◆ Source data ◆
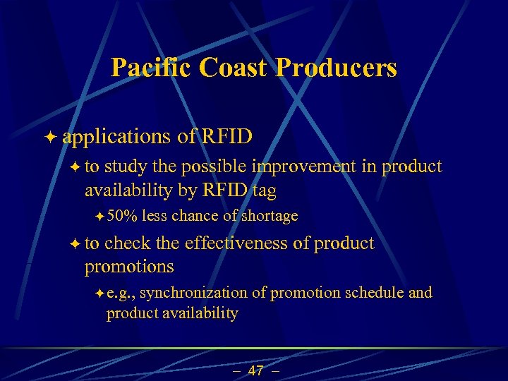 Pacific Coast Producers ö applications of RFID ö to study the possible improvement in product availability by RFID tag ö 50% less chance of shortage ö to check the effectiveness of product promotions ö e. g. , synchronization of promotion schedule and product availability 47
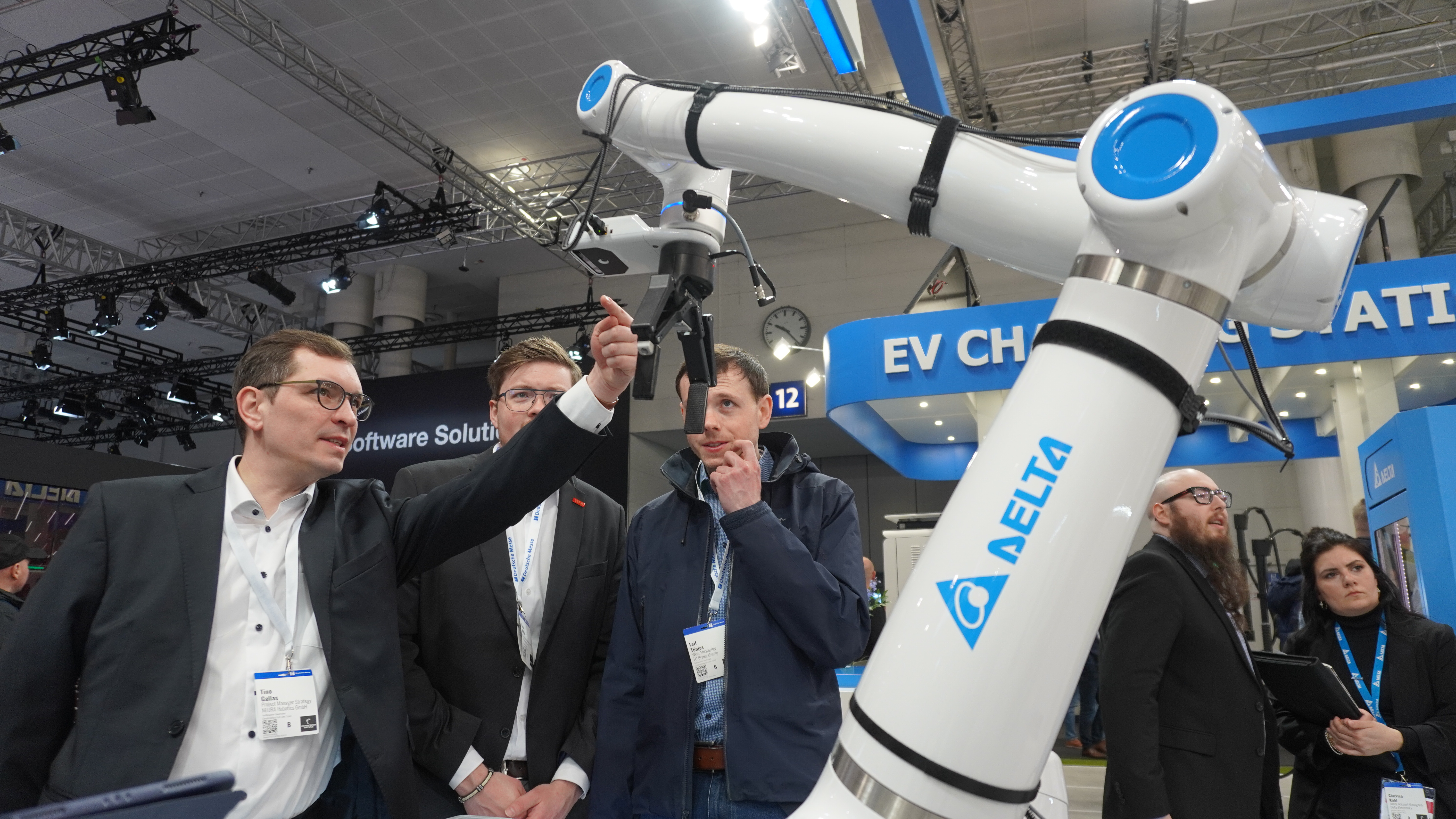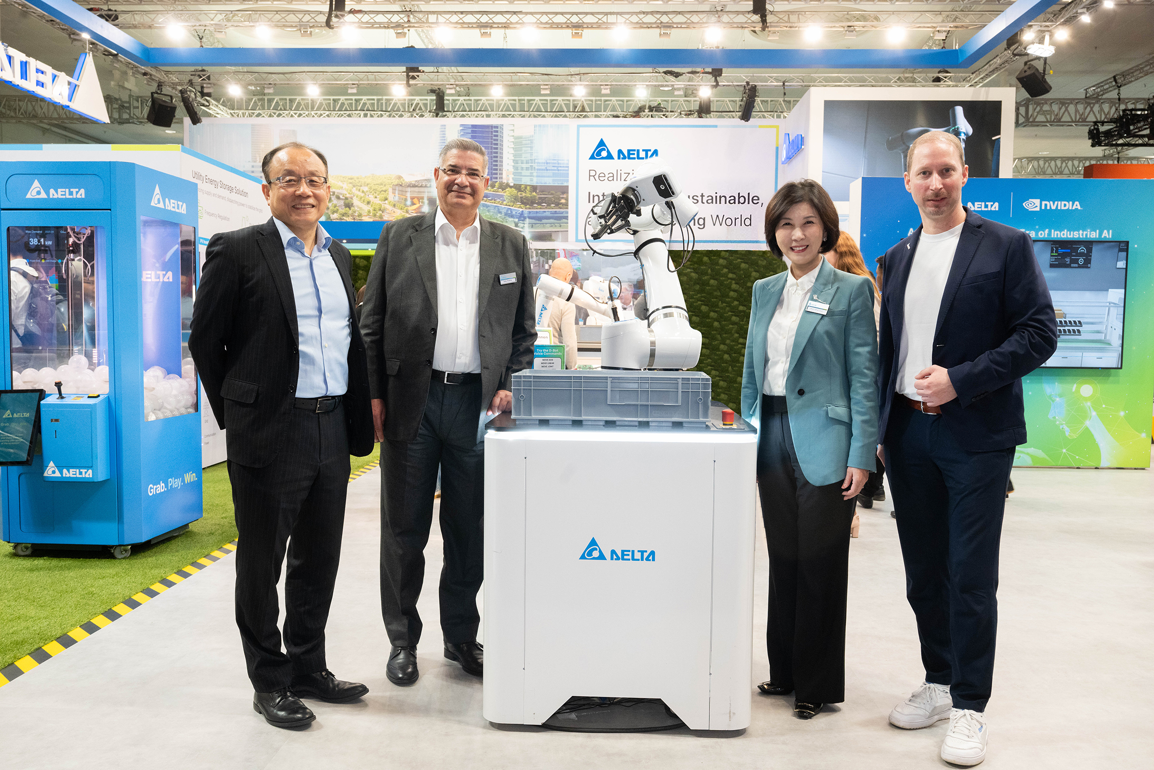 台達品牌長郭珊珊 (右二)、台達 EMEA 區總裁暨總經理 Dalip Sharma (左二)、台達 EMEA 區副總裁 Tim Lee (左一)及台達機電事業群 EMEA 區資深業務處長 Michael Mayer-Rosa (右一) 於漢諾威展上向媒體和客戶介紹台達 D-Bot 系列協作機器人及首度推出的 Cognibot Kit,展示相關 AI 應用。
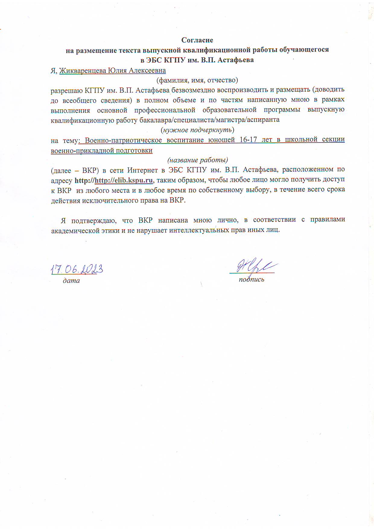Военно-патриотическое воспитание юношей 16-17 лет в школьной секции военно-прикладной подготовки
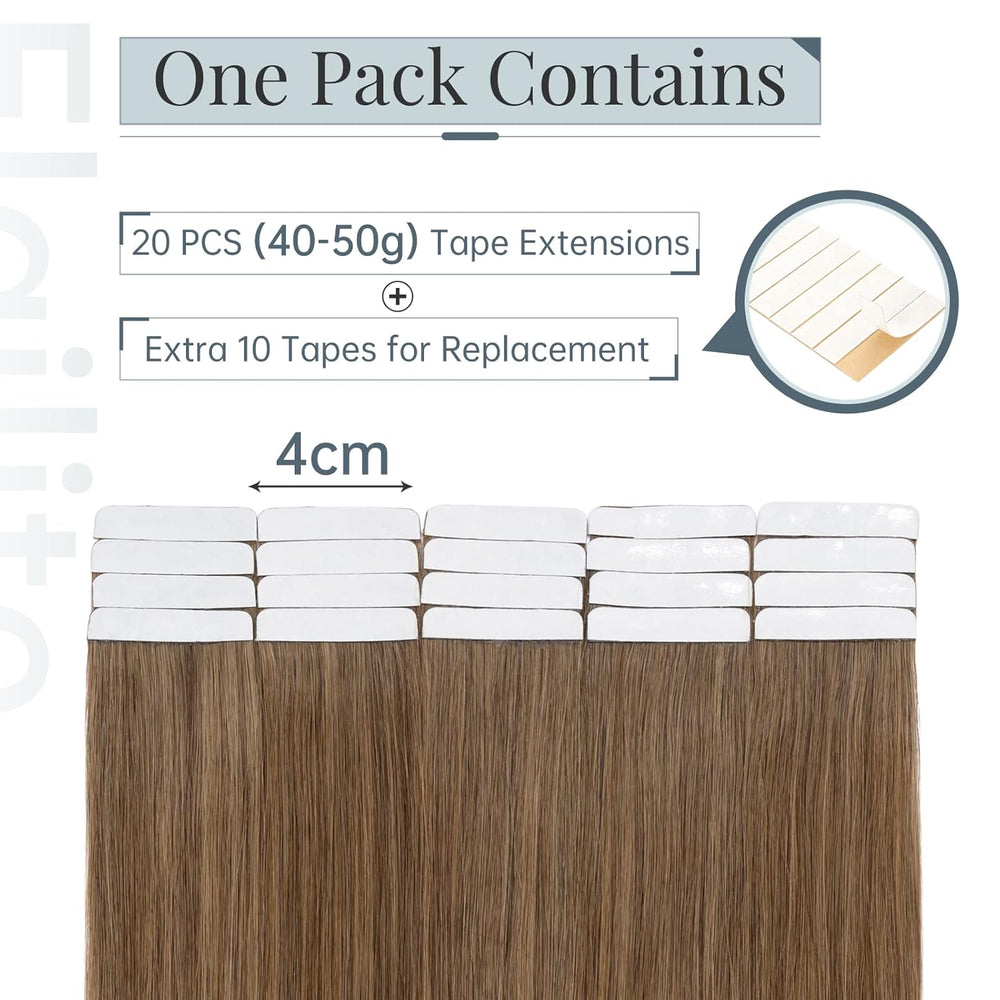 Elailite Echthaar Extensions Tape in #6 Mittelbraun 20 stück Invisible Kleber Haarverlängerung Klebe
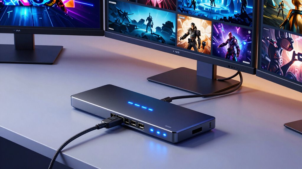 Choosing the right 4K HDMI splitter is like finding the perfect conductor for your multi-display symphony. With so many solid options under $400, you’ll be able to orchestrate a seamless, vibrant visual experience that feels as immersive as a front-row concert. Just remember, the best splitter is the one that harmonizes with your setup and keeps your digital orchestra playing smoothly. Immerse yourself and let your displays sing in perfect unison!
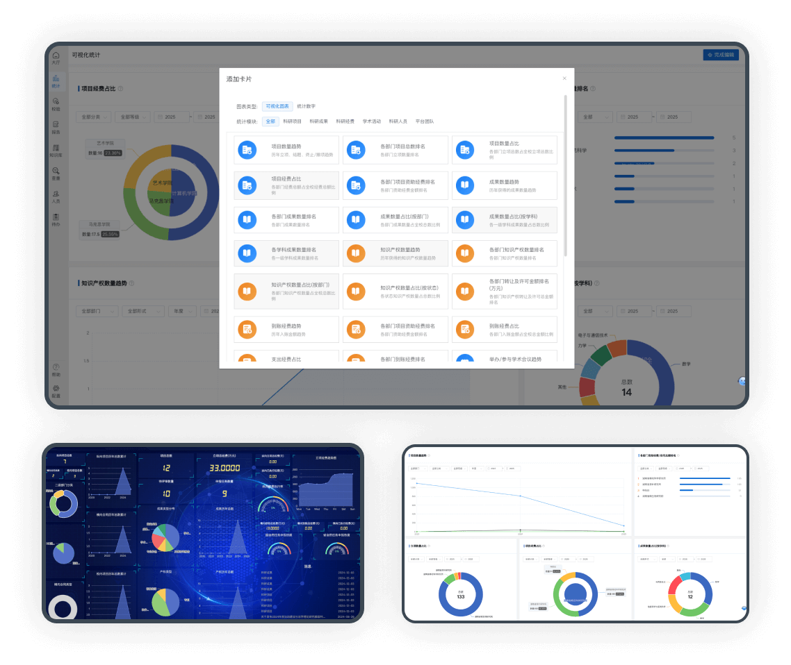 提供丰富的100+可视化统计图表,⽀持BI图表⾃定义配置展⽰,配有独⽴的数据驾驶舱⼤屏,多维度、多场景可视化展⽰科研业务数据,为管理决策者提供直观、丰富的可视化决策依据。
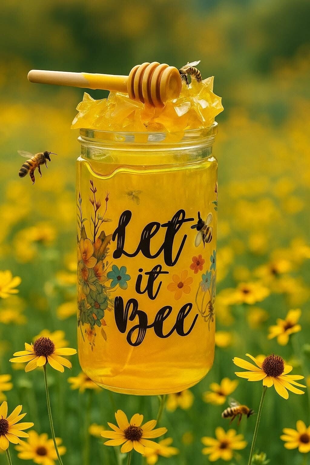 Bring a touch of sunshine and sweetness to your space with this charming “Let It Bee” honey jar. Featuring warm golden hues, delicate floral accents, and playful bee details, this piece captures the beauty of nature and the simple joy of slowing down. Watch the honey drip from the inside of the cup.
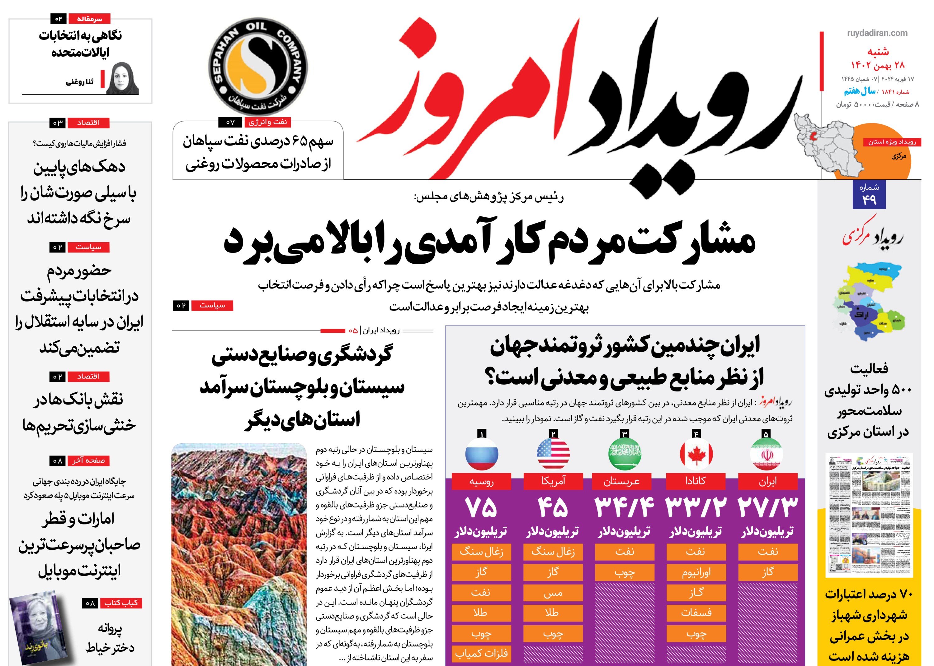 کد: 300750 | 28 بهمن 1402 ساعت 03:00 روزنامه رویداد امروز شنبه ۲۸ بهمن ۱۴۰۲ اشتراک گذاری گزارش خطا × اشتراک گذاری مطلب: روزنامه رویداد امروز شنبه ۲۸ بهمن ۱۴۰۲ فیسبوک اینستاگرام تلگرام ایکس (توییتر) ایتا بله روبیکا × گزارش خطا برای گزارش خطا با پست الکترونیکی: ruydadiran[at]gmail.com در ارتباط باشید
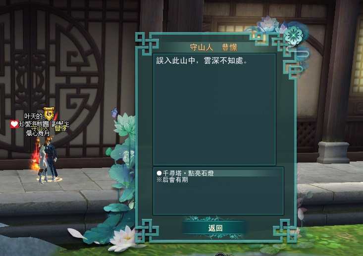 東陸世界•龍泉山的秘密第1章千尋塔•一朵小花之守山人(第一個任務完成接龍泉山) 2025-04-122025-05-13 熾心舞月 這個只需要挖 不用密碼 實驗的結果好像得近身打怪才能解到鑰匙任 這任務解完要回千尋塔回任塔外NPC賽慕,但我按太快了 來不及接 ,大家自己接一下嘿 分享此文: 按一下即可分享至 X(在新視窗中開啟) X 按一下以分享至 Facebook(在新視窗中開啟) Facebook 喜歡 正在載入... 相關
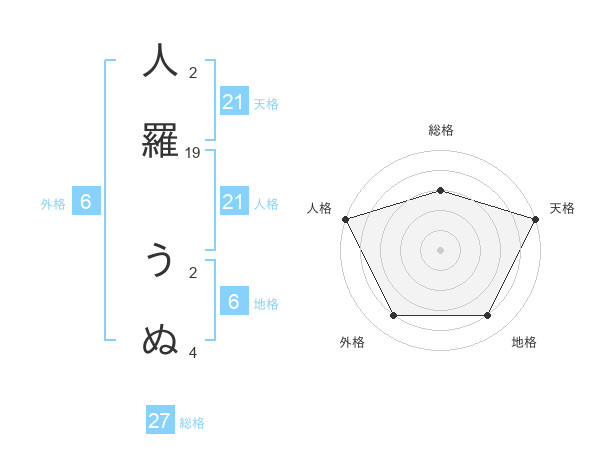 人羅 うぬさんの総格は27画の3点!
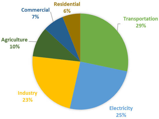 Notably, the Council of Supply Chain Management Professionals defines logistics as “part of the supply chain process that plans, implements and controls the flow and storage of goods and services between the point of origin” [27] (p. 1). In understanding the environmental effects of the supply chain process and logistics within the transportation industry, a 2017 report indicates that transportation accounts for nearly 30% of its total emissions for greenhouse gas in the United States and that this percentage had risen more than any other emissions segment in the previous two decades [28]. See Figure 1 for GHG emissions per economic sector.

◆ Exercise ◆
Each line above starting at the one holding "台達品牌長郭珊珊 (右二)、台達 EMEA" and ending at the one holding "Военно-патриотическое воспитание юношей" should be set down exactly as it stands, both ends included, with no pictures.

◆ Your response ◆
 台達品牌長郭珊珊 (右二)、台達 EMEA 區總裁暨總經理 Dalip Sharma (左二)、台達 EMEA 區副總裁 Tim Lee (左一)及台達機電事業群 EMEA 區資深業務處長 Michael Mayer-Rosa (右一) 於漢諾威展上向媒體和客戶介紹台達 D-Bot 系列協作機器人及首度推出的 Cognibot Kit,展示相關 AI 應用。
Военно-патриотическое воспитание юношей 16-17 лет в школьной секции военно-прикладной подготовки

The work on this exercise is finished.